To do
Repeat the listing that follows character for character, omitting images.

Data extract
---
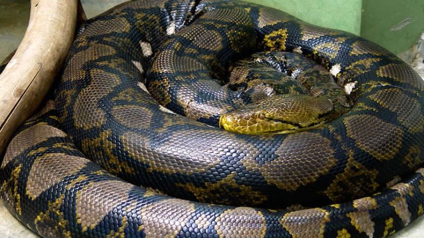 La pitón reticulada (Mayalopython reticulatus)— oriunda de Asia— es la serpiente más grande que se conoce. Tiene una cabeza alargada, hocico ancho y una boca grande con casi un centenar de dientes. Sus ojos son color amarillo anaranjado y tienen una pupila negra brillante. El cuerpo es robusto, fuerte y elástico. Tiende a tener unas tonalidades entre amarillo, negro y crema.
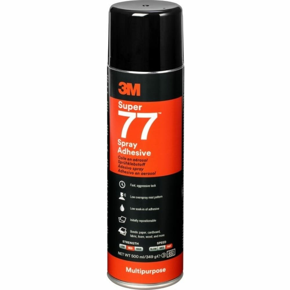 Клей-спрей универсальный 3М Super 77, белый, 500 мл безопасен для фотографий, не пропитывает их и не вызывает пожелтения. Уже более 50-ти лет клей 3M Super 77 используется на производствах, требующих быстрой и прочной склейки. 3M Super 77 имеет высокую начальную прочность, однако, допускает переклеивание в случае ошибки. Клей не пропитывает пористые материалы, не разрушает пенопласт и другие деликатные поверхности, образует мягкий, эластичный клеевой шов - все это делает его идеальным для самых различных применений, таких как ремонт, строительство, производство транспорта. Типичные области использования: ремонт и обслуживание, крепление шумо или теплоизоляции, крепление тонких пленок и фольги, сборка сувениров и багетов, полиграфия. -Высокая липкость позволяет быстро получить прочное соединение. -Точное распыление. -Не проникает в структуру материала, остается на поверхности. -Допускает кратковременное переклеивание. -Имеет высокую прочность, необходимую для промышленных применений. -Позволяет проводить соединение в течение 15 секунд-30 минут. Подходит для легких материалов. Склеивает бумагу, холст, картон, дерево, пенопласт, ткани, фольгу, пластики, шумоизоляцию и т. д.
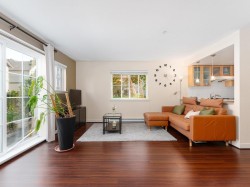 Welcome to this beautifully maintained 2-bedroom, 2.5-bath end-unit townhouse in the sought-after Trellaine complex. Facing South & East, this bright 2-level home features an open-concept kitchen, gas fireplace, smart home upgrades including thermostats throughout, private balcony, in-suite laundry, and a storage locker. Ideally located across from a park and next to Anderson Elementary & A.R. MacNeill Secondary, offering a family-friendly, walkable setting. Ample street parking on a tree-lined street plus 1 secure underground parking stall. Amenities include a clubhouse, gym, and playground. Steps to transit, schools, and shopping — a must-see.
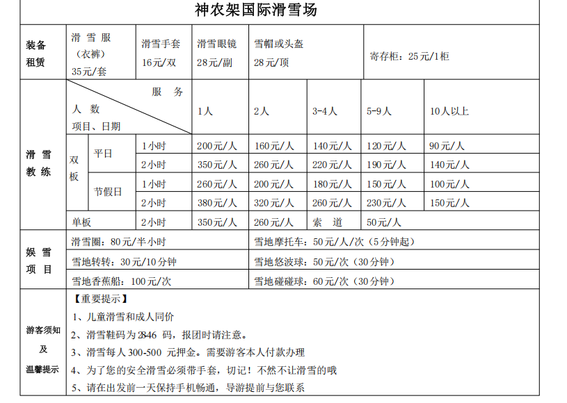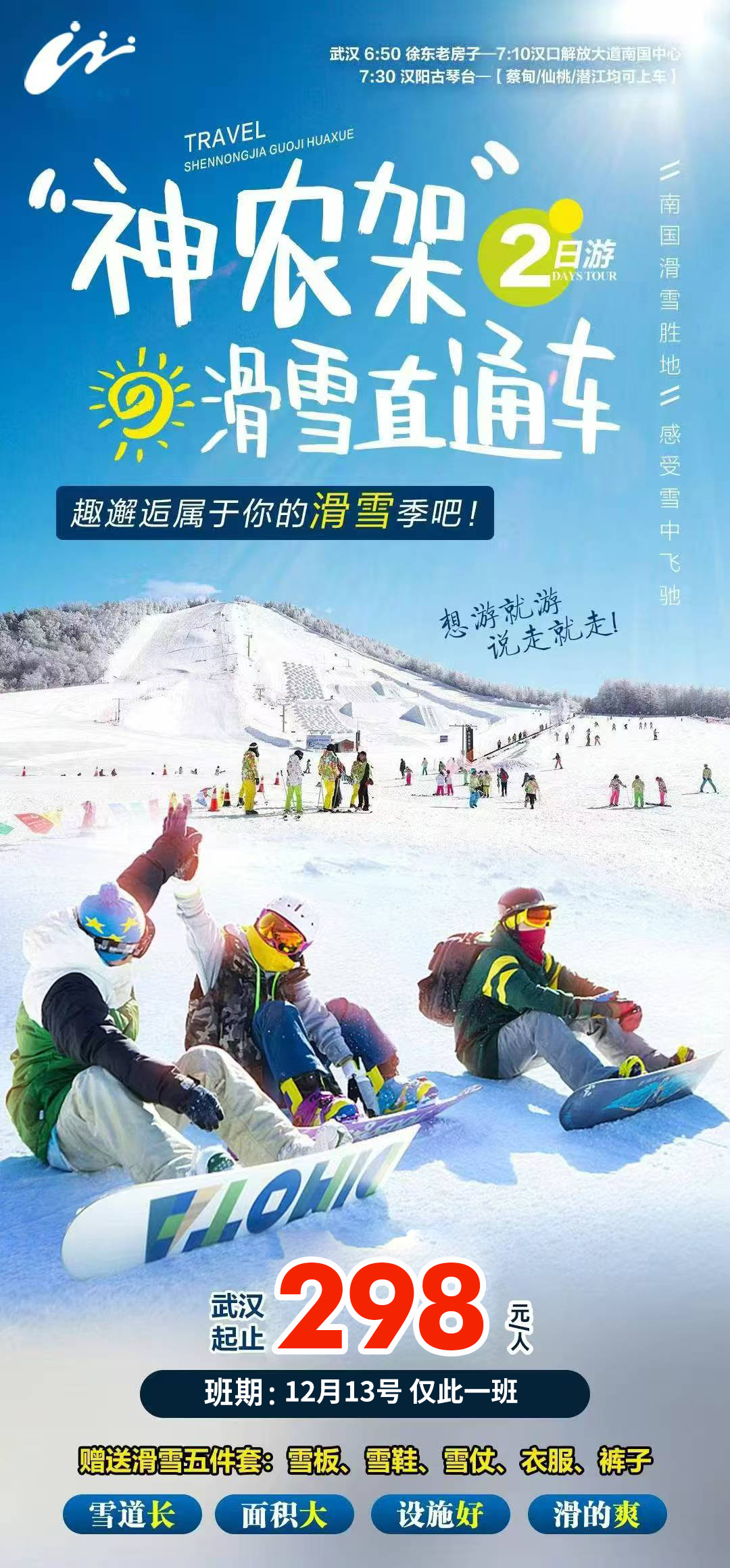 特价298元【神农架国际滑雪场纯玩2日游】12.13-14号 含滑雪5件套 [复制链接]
---
Task solution
 La pitón reticulada (Mayalopython reticulatus)— oriunda de Asia— es la serpiente más grande que se conoce. Tiene una cabeza alargada, hocico ancho y una boca grande con casi un centenar de dientes. Sus ojos son color amarillo anaranjado y tienen una pupila negra brillante. El cuerpo es robusto, fuerte y elástico. Tiende a tener unas tonalidades entre amarillo, negro y crema.
 Клей-спрей универсальный 3М Super 77, белый, 500 мл безопасен для фотографий, не пропитывает их и не вызывает пожелтения. Уже более 50-ти лет клей 3M Super 77 используется на производствах, требующих быстрой и прочной склейки. 3M Super 77 имеет высокую начальную прочность, однако, допускает переклеивание в случае ошибки. Клей не пропитывает пористые материалы, не разрушает пенопласт и другие деликатные поверхности, образует мягкий, эластичный клеевой шов - все это делает его идеальным для самых различных применений, таких как ремонт, строительство, производство транспорта. Типичные области использования: ремонт и обслуживание, крепление шумо или теплоизоляции, крепление тонких пленок и фольги, сборка сувениров и багетов, полиграфия. -Высокая липкость позволяет быстро получить прочное соединение. -Точное распыление. -Не проникает в структуру материала, остается на поверхности. -Допускает кратковременное переклеивание. -Имеет высокую прочность, необходимую для промышленных применений. -Позволяет проводить соединение в течение 15 секунд-30 минут. Подходит для легких материалов. Склеивает бумагу, холст, картон, дерево, пенопласт, ткани, фольгу, пластики, шумоизоляцию и т. д.
 Welcome to this beautifully maintained 2-bedroom, 2.5-bath end-unit townhouse in the sought-after Trellaine complex. Facing South & East, this bright 2-level home features an open-concept kitchen, gas fireplace, smart home upgrades including thermostats throughout, private balcony, in-suite laundry, and a storage locker. Ideally located across from a park and next to Anderson Elementary & A.R. MacNeill Secondary, offering a family-friendly, walkable setting. Ample street parking on a tree-lined street plus 1 secure underground parking stall. Amenities include a clubhouse, gym, and playground. Steps to transit, schools, and shopping — a must-see.
 特价298元【神农架国际滑雪场纯玩2日游】12.13-14号 含滑雪5件套 [复制链接]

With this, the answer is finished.